- Born: November 4, 1767 Carmona, Spain
- Died: March 7, 1835 (aged 67)
- Allegiance: Spanish
- Branch: Cavalry
- Rank: General
- Commands: Cavalry
- Conflicts: Peninsular War; • Battle of Talavera; • Battle of Ocaña; • Battle of San Marcial; • Battle of the Bidassoa; • Battle of Nivelle; • Battle of Toulouse;
- Awards: San Fernando Cross
- Spouse: Beatriz Abbad y Alfaro
- Children: 2
- Relations: Francisco Freire de Andrade and Josefa Armijo y Bravo

= Manuel Freire de Andrade =

Spanish cavalry officer and general officer

Manuel Alberto Freire de Andrade y Armijo (4 November 1767 - 7 March 1835) was a Spanish cavalry officer and general officer during the Peninsular War, and later Defense Minister.

== Early biography ==

Freire (also known as Freyre) was born in Carmona, Spain near Seville, to a Spanish cavalry officer from Galicia, Francisco Freire de Andrade, and his wife Josefa Armijo y Bravo, also from Carmona. He joined his father's Alcántara cavalry regiment as a minor cadet when just seven years old, and on 1 January 1780 became an ordinary cadet. He participated in his first battle on 15 May 1793, against revolutionary French forces during the opening of the Battle of Mas Deu, part of the War of the Pyrenees. Freire spent the next two years in Rousillon and Catalonia, including that war's last actions during which Spanish forces recaptured Puigcerda and Bellver (after the peace treaty had been signed). Freire received several promotions during that war, having been named a junior lieutenant on 10 October 1793, full lieutenant on 20 November, ayundante on 13 December 1793, captain on 18 February 1794, and cavalry captain on 28 July 1795. During the following peace, Freire was promoted to sergeant major, then command of a squadron on 4 April 1801. He later participated in a campaign against Portugal in Arronches, before being assigned to training in Mallorca.

==Peninsular War==
Freire joined fellow Spaniards in fighting against invading Napoleonic forces, and on 15 September 1807, took command (as colonel) of a volunteer cavalry regiment in Madrid. The following year he saw action in Extremadura and other locations. He was promoted to brigadier on 2 March 1809 after a campaign in La Mancha, and to field marshal after the Battle of Talavera. On 10 January 1810, he was appointed commander of cavalry under Juan Carlos de Aréizaga and led them at Ocaña on 19 November, a devastating defeat that cost the Spanish control of Andalusia. He wrote a manual revising Spanish cavalry tactics, published in Murcia in 1813.

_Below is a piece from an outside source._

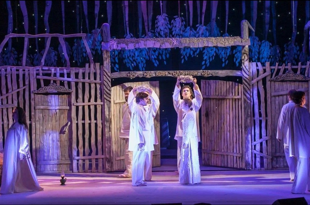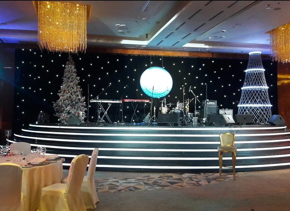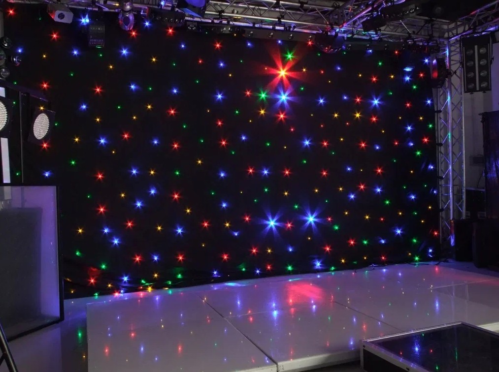 Задник сцены звездное небо, занавес для театра – эффектный фон, который акцентирует внимание зрителя на сцену еще до момента выступления артистов и достойно проявляет свои способности до окончания действий.

After fighting the French in Murcia, Granada, and Valencia (1810–1812), Freire became a general and succeeded Francisco Javier Castaños in command of the Fourth Army, or Army of Galicia on August 12, 1813. His corps defeated Soult at the Battle of San Marcial on 31 August 1813, earning him the San Fernando Cross. At the Battle of the Bidassoa on 7 October, Freire led the divisions of Generals Del Barco and Barcena across the river to capture French positions on Mont Calvaire. Freire also participated in the Battle of Nivelle on 10 November. He fought with "conspicuous gallantry" at the Battle of Toulouse in 1814, where his two divisions were desperately mauled in the fighting for the French redoubts on Mont Rave; the situation was finally resolved when the power of the British Congreve rockets, reinforced by a French tactical blunder and by British infantry support, intervened.

On 7 October 1814, Freire married Beatriz Abbad y Alfaro, the 33-year-old widow of a fellow officer. They had two sons, Manuel (who died shortly after his father) and Jose (who succeeded to the title of Marquis de San Marcial awarded his father shortly before his death).

Freire's military career continued, and he also became active in politics during the turbulent post-war era. In 1818, Freire and three other officers published "Informe sobre la mejora y aumento de la cría de caballos, dado al Supremo Consejo de Guerra". Two years later, he published two additional books concerning his postwar conduct in Andalucia and Cadiz.